* EXERCISE *
All of the lines below are to be transcribed faithfully, with pictures excluded from the copy.

* DATASET EXCERPT *
<<<<

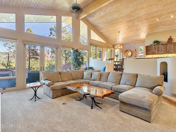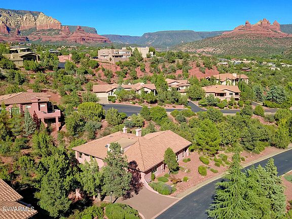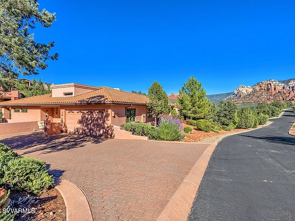 Open the doors to Iconic Sedona Views seen through towering windows. Only the very best materials for NEW bathrooms: cabinetry, countertops & shades; Kitchen upgrades include: Bosch, KitchenAid, Samsung & Kohler, Counters & Cabinets. GREAT Rm living all on Main floor, w/ lighted steps down to grand living room: Stunning kitchen, easy dining, guest suite, laundry & primary bedroom suite with double sided fireplace & spa bath. EVERY room boasts a deck & view. Enjoy privacy of the office/4th bedroom & guest suite below, each w/ sheltered patios offers quiet respite. Relax in your hot tub under the stars at night. Gated in PRIME W SEDONA Location w/fitness, pool, pickleball.
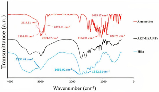 The FTIR results of artemether, albumin and ARM-Alb NPs. The presence of the main peaks of artemether and albumin in the nanoparticle structure indicates that their structure remains intact after the encapsulation process.
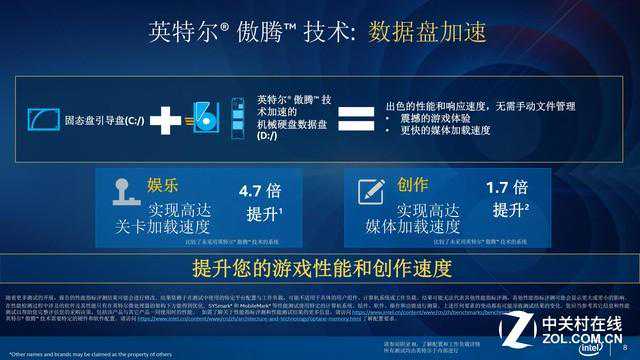 使用双盘的用户大多数是用SSD装系统,机械硬盘装游戏、应用,这种情况下加速系统文件是更快了,但是加速游戏或者应用的时候依然是机械硬盘的读取速度,如果把傲腾内存和安装游戏、应用的机械硬盘相组合的话,在加载这些游戏、应用的时候就会有一个明显的速度提升。按照英特尔的说法,加载游戏关卡时的速度提升可以达到4.7倍,加载创作类应用文件时的速度提升可以达到1.7倍。
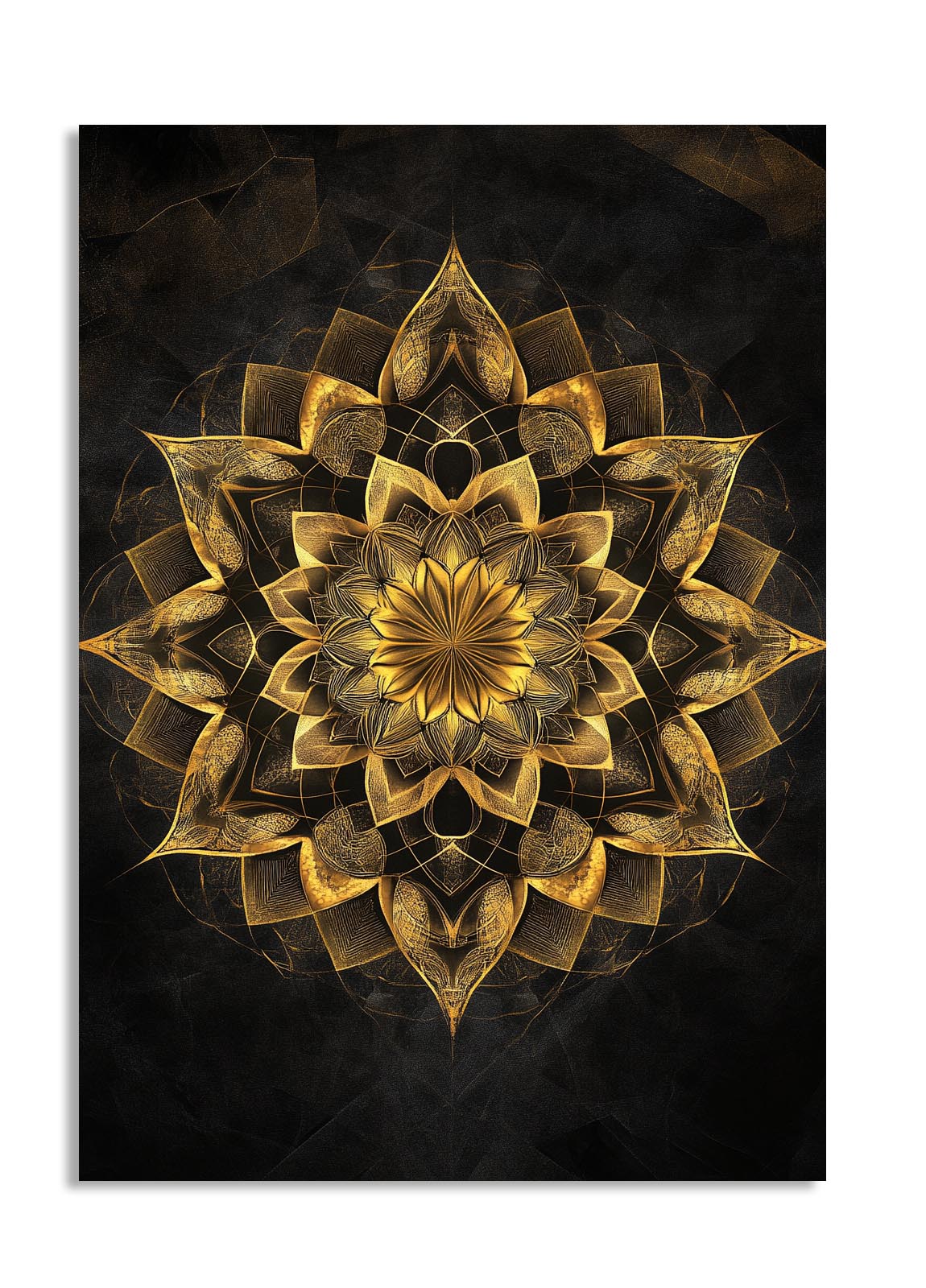 This artwork features a rich golden mandala against a deep, dark background, creating an aura of mystery and sophistication. The intricate patterns and glowing accents make it a luxurious piece that suits upscale interiors, such as hotel suites or elegant dining rooms. Perfect for those who value cultural and spiritual symbolism, this mandala adds depth and refinement to any space. Its combination of opulence and subtlety makes it versatile for both traditional and contemporary settings.

>>>>

* TASK OUTPUT *
 Open the doors to Iconic Sedona Views seen through towering windows. Only the very best materials for NEW bathrooms: cabinetry, countertops & shades; Kitchen upgrades include: Bosch, KitchenAid, Samsung & Kohler, Counters & Cabinets. GREAT Rm living all on Main floor, w/ lighted steps down to grand living room: Stunning kitchen, easy dining, guest suite, laundry & primary bedroom suite with double sided fireplace & spa bath. EVERY room boasts a deck & view. Enjoy privacy of the office/4th bedroom & guest suite below, each w/ sheltered patios offers quiet respite. Relax in your hot tub under the stars at night. Gated in PRIME W SEDONA Location w/fitness, pool, pickleball.
 The FTIR results of artemether, albumin and ARM-Alb NPs. The presence of the main peaks of artemether and albumin in the nanoparticle structure indicates that their structure remains intact after the encapsulation process.
 使用双盘的用户大多数是用SSD装系统,机械硬盘装游戏、应用,这种情况下加速系统文件是更快了,但是加速游戏或者应用的时候依然是机械硬盘的读取速度,如果把傲腾内存和安装游戏、应用的机械硬盘相组合的话,在加载这些游戏、应用的时候就会有一个明显的速度提升。按照英特尔的说法,加载游戏关卡时的速度提升可以达到4.7倍,加载创作类应用文件时的速度提升可以达到1.7倍。
 This artwork features a rich golden mandala against a deep, dark background, creating an aura of mystery and sophistication. The intricate patterns and glowing accents make it a luxurious piece that suits upscale interiors, such as hotel suites or elegant dining rooms. Perfect for those who value cultural and spiritual symbolism, this mandala adds depth and refinement to any space. Its combination of opulence and subtlety makes it versatile for both traditional and contemporary settings.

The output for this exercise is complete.